→ **Work item**: Could you copy exactly the lines below, beginning at the line with "In a second" and stopping after the line with "سوتین نخی دو", with no pictures?

→ **Record extracts**:
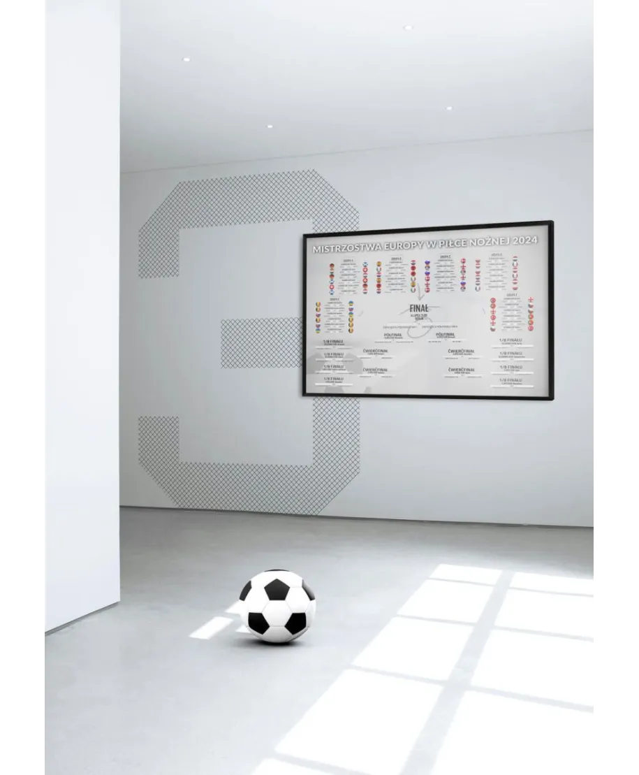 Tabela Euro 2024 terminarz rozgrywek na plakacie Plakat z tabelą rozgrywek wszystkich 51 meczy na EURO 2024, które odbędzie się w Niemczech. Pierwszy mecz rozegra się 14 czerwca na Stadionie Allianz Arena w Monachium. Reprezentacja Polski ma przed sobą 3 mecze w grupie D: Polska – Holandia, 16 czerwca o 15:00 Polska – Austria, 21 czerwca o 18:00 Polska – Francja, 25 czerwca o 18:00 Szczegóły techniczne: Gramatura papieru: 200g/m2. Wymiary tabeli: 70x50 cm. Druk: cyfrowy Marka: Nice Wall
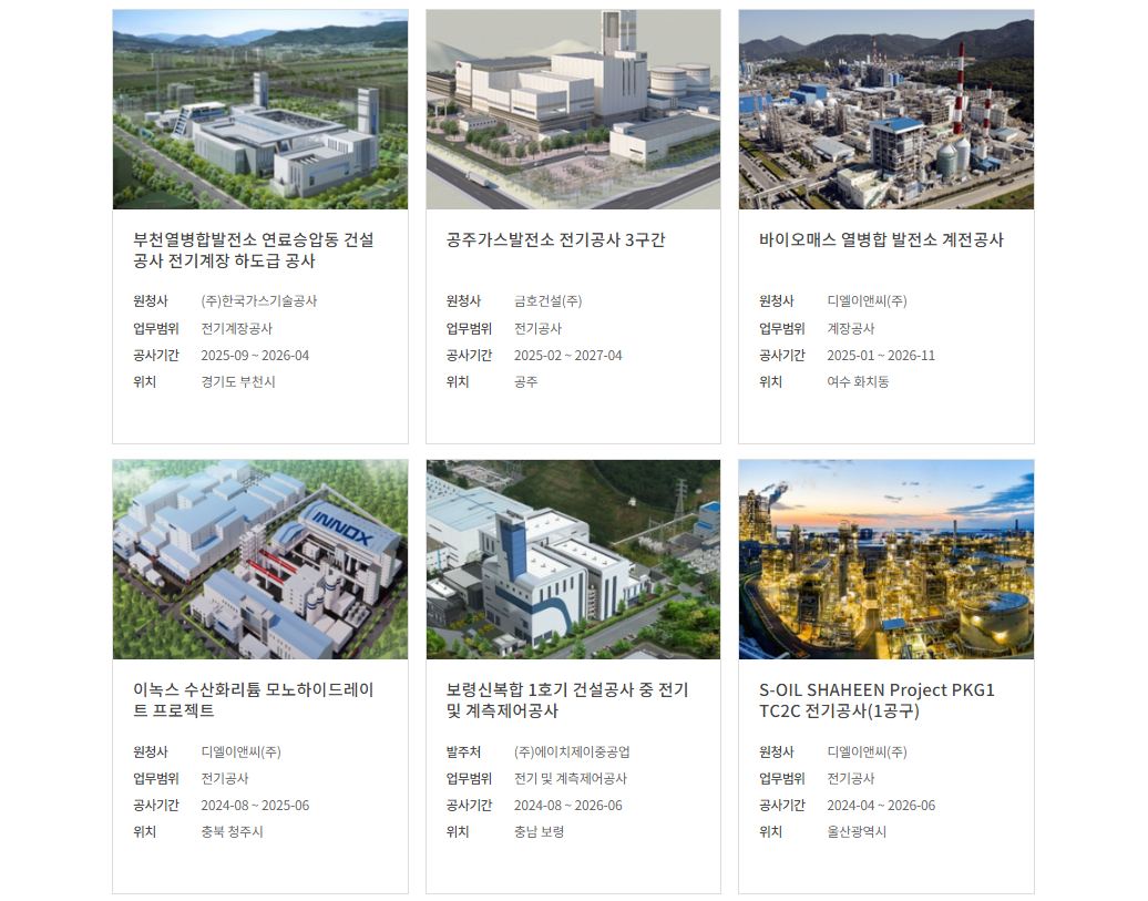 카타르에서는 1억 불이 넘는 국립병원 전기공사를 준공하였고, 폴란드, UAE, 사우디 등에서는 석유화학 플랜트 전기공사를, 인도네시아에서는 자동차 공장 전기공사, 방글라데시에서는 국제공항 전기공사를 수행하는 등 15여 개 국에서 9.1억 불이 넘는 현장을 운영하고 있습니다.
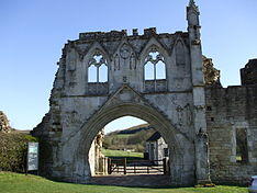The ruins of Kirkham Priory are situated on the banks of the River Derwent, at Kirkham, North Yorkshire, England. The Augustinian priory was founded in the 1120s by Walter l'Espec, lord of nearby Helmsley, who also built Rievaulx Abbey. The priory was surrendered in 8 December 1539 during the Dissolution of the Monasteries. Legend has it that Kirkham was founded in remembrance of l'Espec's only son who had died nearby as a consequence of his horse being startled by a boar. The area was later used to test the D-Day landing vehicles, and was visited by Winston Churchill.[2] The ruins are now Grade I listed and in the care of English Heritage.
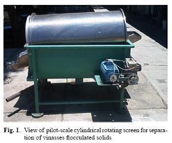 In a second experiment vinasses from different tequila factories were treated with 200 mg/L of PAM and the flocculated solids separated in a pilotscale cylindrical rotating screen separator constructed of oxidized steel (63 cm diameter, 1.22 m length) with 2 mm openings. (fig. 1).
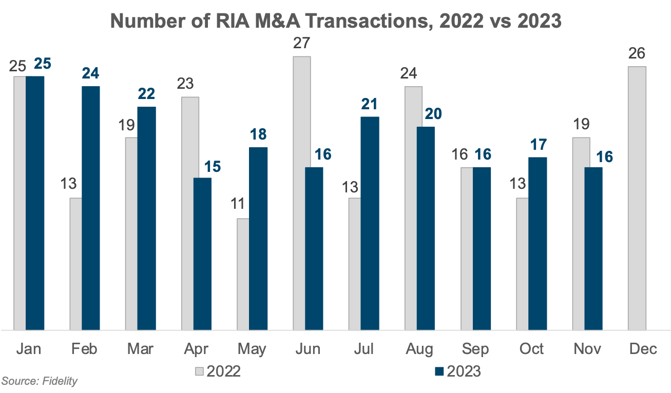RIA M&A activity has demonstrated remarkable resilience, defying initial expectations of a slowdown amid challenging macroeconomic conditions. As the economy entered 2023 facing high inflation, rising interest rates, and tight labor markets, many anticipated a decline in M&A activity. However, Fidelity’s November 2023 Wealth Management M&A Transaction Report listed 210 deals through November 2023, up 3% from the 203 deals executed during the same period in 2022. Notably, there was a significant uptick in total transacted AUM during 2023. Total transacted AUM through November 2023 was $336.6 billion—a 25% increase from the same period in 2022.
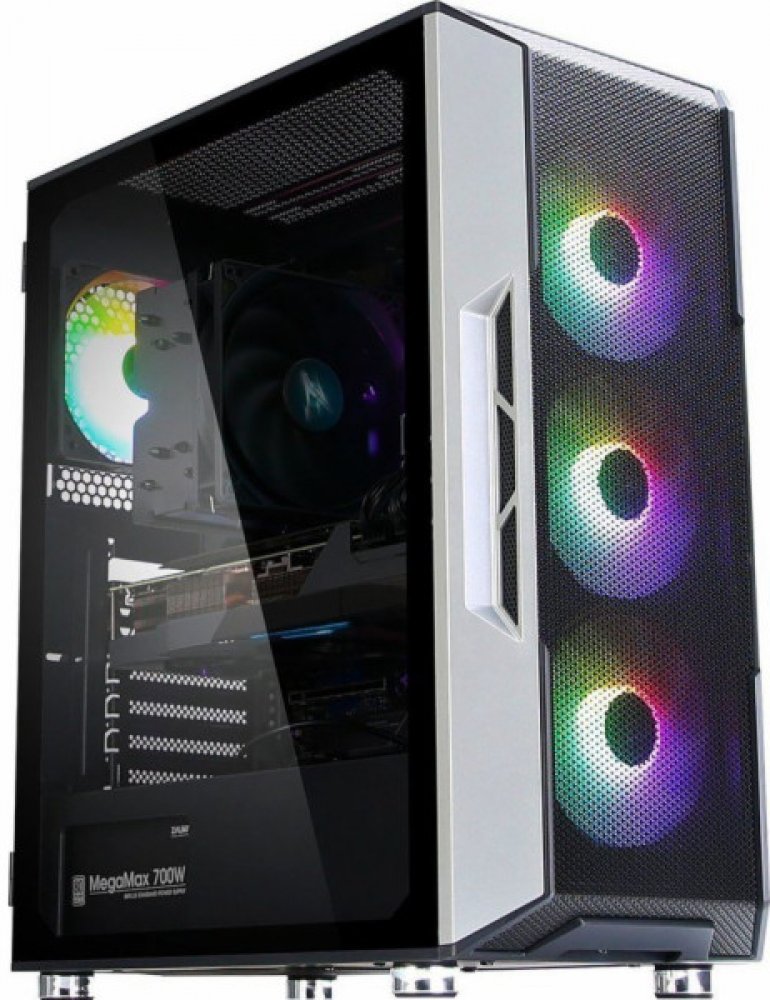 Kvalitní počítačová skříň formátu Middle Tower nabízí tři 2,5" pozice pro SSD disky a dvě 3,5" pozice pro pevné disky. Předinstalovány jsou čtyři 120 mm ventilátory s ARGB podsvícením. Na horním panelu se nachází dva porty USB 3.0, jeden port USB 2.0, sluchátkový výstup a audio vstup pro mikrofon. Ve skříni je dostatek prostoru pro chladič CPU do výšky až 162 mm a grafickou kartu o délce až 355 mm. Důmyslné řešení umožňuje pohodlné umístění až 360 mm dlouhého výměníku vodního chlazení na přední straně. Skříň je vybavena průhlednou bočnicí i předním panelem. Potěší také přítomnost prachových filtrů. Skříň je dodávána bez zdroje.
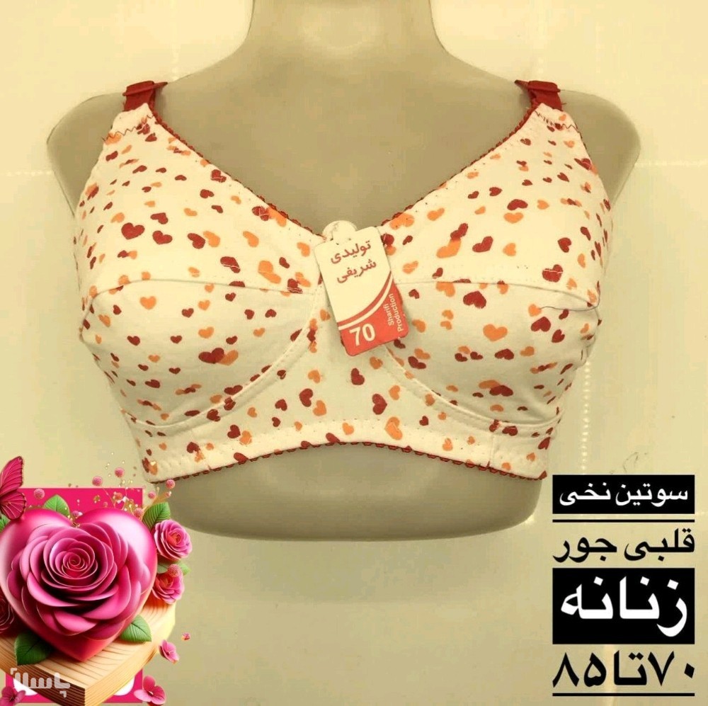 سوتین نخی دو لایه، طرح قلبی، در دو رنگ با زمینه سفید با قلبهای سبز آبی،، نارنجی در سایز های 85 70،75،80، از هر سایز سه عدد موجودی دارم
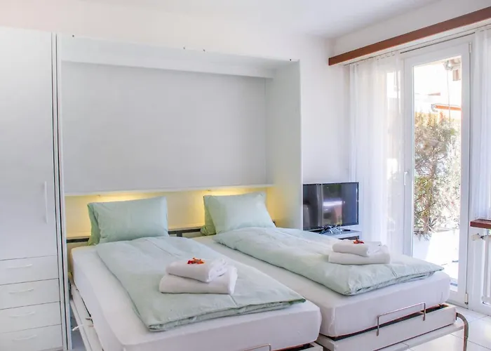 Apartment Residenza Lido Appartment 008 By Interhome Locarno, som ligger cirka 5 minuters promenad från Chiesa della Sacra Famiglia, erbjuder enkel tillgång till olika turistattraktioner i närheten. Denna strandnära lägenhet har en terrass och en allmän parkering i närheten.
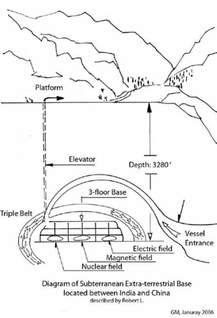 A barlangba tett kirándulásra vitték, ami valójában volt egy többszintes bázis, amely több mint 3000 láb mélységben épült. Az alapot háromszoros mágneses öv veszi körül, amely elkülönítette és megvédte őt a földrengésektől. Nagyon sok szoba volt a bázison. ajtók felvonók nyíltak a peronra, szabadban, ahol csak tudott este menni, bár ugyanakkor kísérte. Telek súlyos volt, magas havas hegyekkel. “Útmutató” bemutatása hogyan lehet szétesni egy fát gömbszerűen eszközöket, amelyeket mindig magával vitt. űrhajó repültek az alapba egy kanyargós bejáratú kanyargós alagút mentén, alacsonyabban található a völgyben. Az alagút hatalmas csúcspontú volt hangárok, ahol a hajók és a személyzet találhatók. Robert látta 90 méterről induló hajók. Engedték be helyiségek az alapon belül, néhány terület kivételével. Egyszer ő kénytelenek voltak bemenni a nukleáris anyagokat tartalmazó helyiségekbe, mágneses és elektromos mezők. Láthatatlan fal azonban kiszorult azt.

→ **Solution for this task**:
 In a second experiment vinasses from different tequila factories were treated with 200 mg/L of PAM and the flocculated solids separated in a pilotscale cylindrical rotating screen separator constructed of oxidized steel (63 cm diameter, 1.22 m length) with 2 mm openings. (fig. 1).
RIA M&A activity has demonstrated remarkable resilience, defying initial expectations of a slowdown amid challenging macroeconomic conditions. As the economy entered 2023 facing high inflation, rising interest rates, and tight labor markets, many anticipated a decline in M&A activity. However, Fidelity’s November 2023 Wealth Management M&A Transaction Report listed 210 deals through November 2023, up 3% from the 203 deals executed during the same period in 2022. Notably, there was a significant uptick in total transacted AUM during 2023. Total transacted AUM through November 2023 was $336.6 billion—a 25% increase from the same period in 2022.
 Kvalitní počítačová skříň formátu Middle Tower nabízí tři 2,5" pozice pro SSD disky a dvě 3,5" pozice pro pevné disky. Předinstalovány jsou čtyři 120 mm ventilátory s ARGB podsvícením. Na horním panelu se nachází dva porty USB 3.0, jeden port USB 2.0, sluchátkový výstup a audio vstup pro mikrofon. Ve skříni je dostatek prostoru pro chladič CPU do výšky až 162 mm a grafickou kartu o délce až 355 mm. Důmyslné řešení umožňuje pohodlné umístění až 360 mm dlouhého výměníku vodního chlazení na přední straně. Skříň je vybavena průhlednou bočnicí i předním panelem. Potěší také přítomnost prachových filtrů. Skříň je dodávána bez zdroje.
 سوتین نخی دو لایه، طرح قلبی، در دو رنگ با زمینه سفید با قلبهای سبز آبی،، نارنجی در سایز های 85 70،75،80، از هر سایز سه عدد موجودی دارم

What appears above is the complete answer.